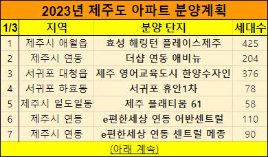 2023년 제주도 아파트 분양계획을 표로 만들었습니다.
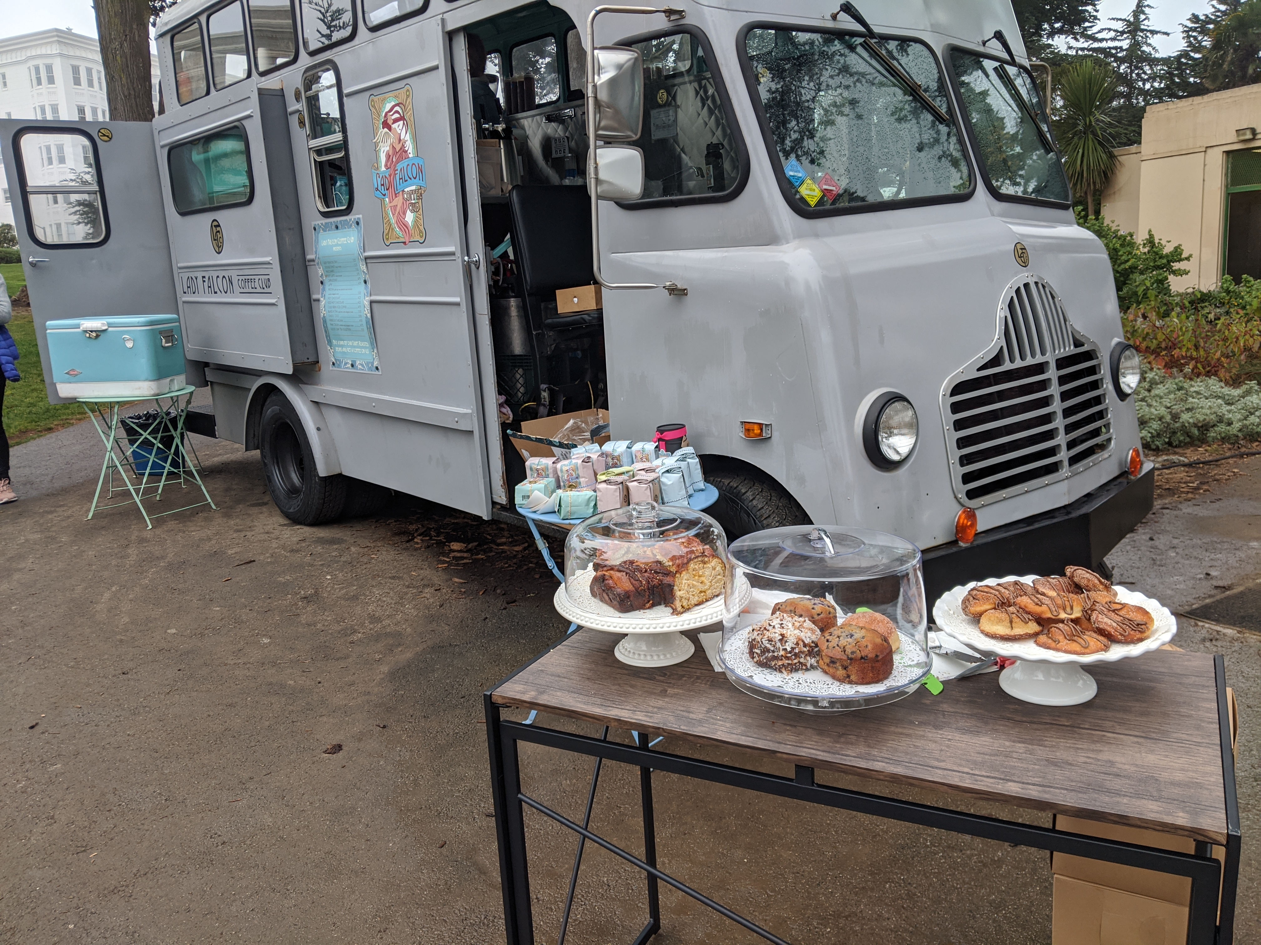 On my end, the past couple of months have had some exciting baking news! Back in November and just a week ago, I did a couple of weekend pop ups with Lady Falcon Coffee Club. If you haven’t heard of it, LFCC is an awesome woman owned coffee roaster based in the bay area. Their lovely coffee truck is usually located out of Alamo Square, and for a weekend in November and last Sunday, I set up a table with some sweet treats for people to grab and enjoy with their coffee.
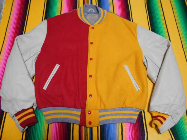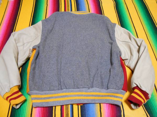 極めて珍しい 「からし」 マスタードイエロー × バーガンディ × グレーの3面マルチ 切り替えしの絶妙なカラーリング、ダメージを受けやすいスリーブリブ先端のレザー補強、良質レザースリーブ 等等  カリフォルニア カレッジ アスレティックカジュアルを彷彿させる極めて良い風合いのジャケット
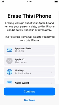 Key in the password for your Apple ID and press Erase iPhone. Wait a moment while the factory default settings are restored. Follow the instructions on the screen to set up your phone and prepare it for use.
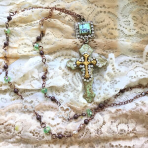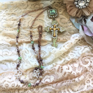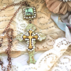 “Grandma’s Prayers” Clay Cross Stacked Cross Rhinestones Artisan Necklace-Moss Green
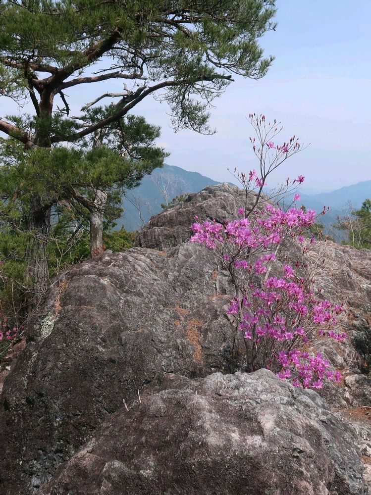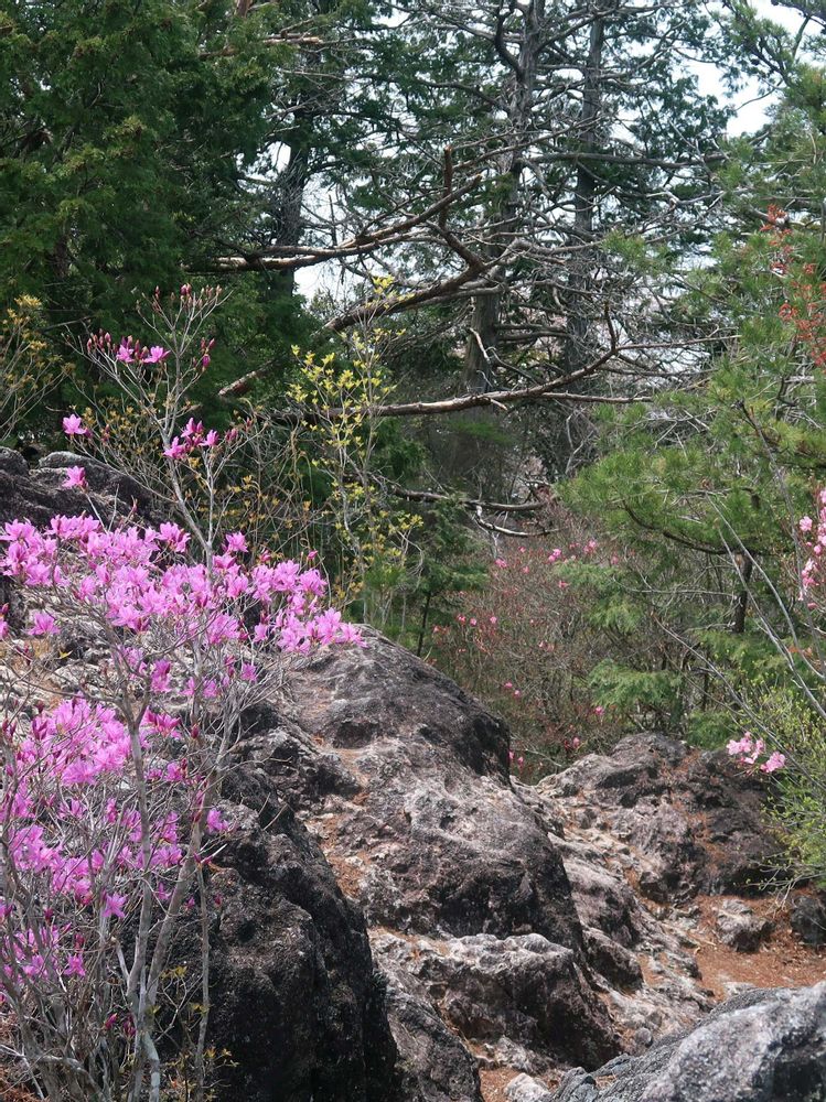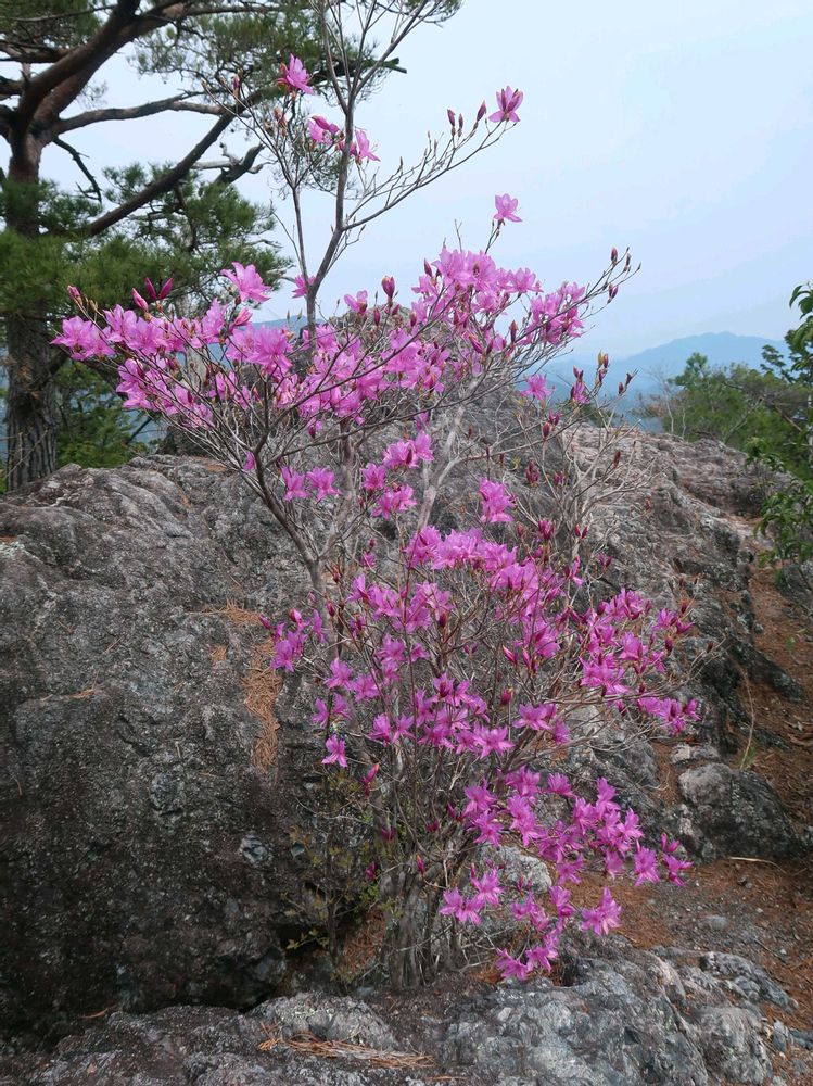山頂には岩場に生えるミツバツツジが出迎えてくれました。
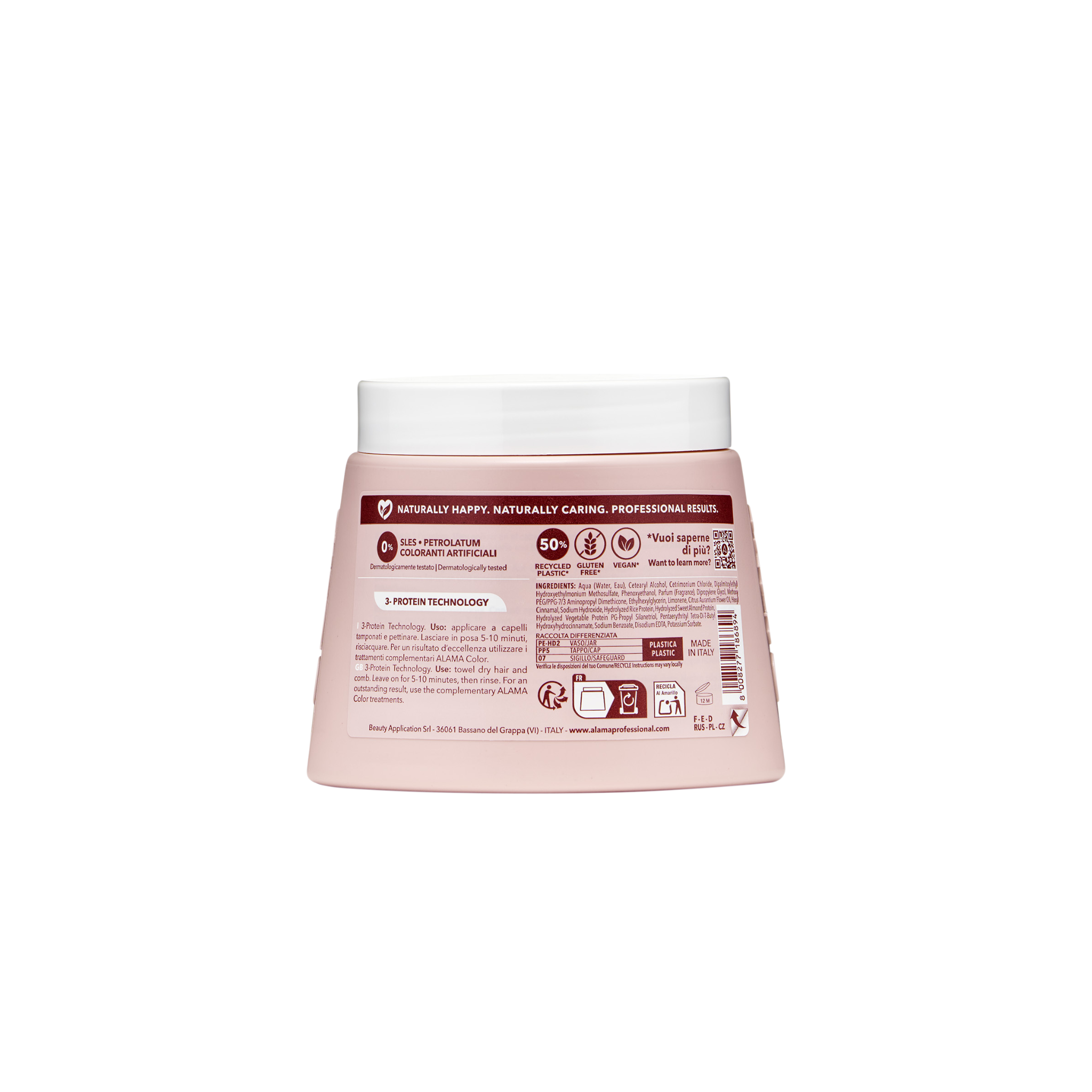 Maska za barvane lase, s tremi proteini. Vsebuje keratin, kolagen in elastin. Maska barvi daje sijaj, skrbi za mehkobo in teksturo las. Lasje so takoj po uporabi vedno lepši, bolj mehki in svilnati. Maska pomaga pri podaljšanju obstojnosti barve. Okolju prijazen izdelek.

Problem description:
Beginning with the line above that contains "On my end, the" and finishing with the line that contains "Artisan Necklace-Moss Green", print those lines exactly and only. Skip all pictures.

Response for this exercise:
 On my end, the past couple of months have had some exciting baking news! Back in November and just a week ago, I did a couple of weekend pop ups with Lady Falcon Coffee Club. If you haven’t heard of it, LFCC is an awesome woman owned coffee roaster based in the bay area. Their lovely coffee truck is usually located out of Alamo Square, and for a weekend in November and last Sunday, I set up a table with some sweet treats for people to grab and enjoy with their coffee.
 極めて珍しい 「からし」 マスタードイエロー × バーガンディ × グレーの3面マルチ 切り替えしの絶妙なカラーリング、ダメージを受けやすいスリーブリブ先端のレザー補強、良質レザースリーブ 等等  カリフォルニア カレッジ アスレティックカジュアルを彷彿させる極めて良い風合いのジャケット
 Key in the password for your Apple ID and press Erase iPhone. Wait a moment while the factory default settings are restored. Follow the instructions on the screen to set up your phone and prepare it for use.
 “Grandma’s Prayers” Clay Cross Stacked Cross Rhinestones Artisan Necklace-Moss Green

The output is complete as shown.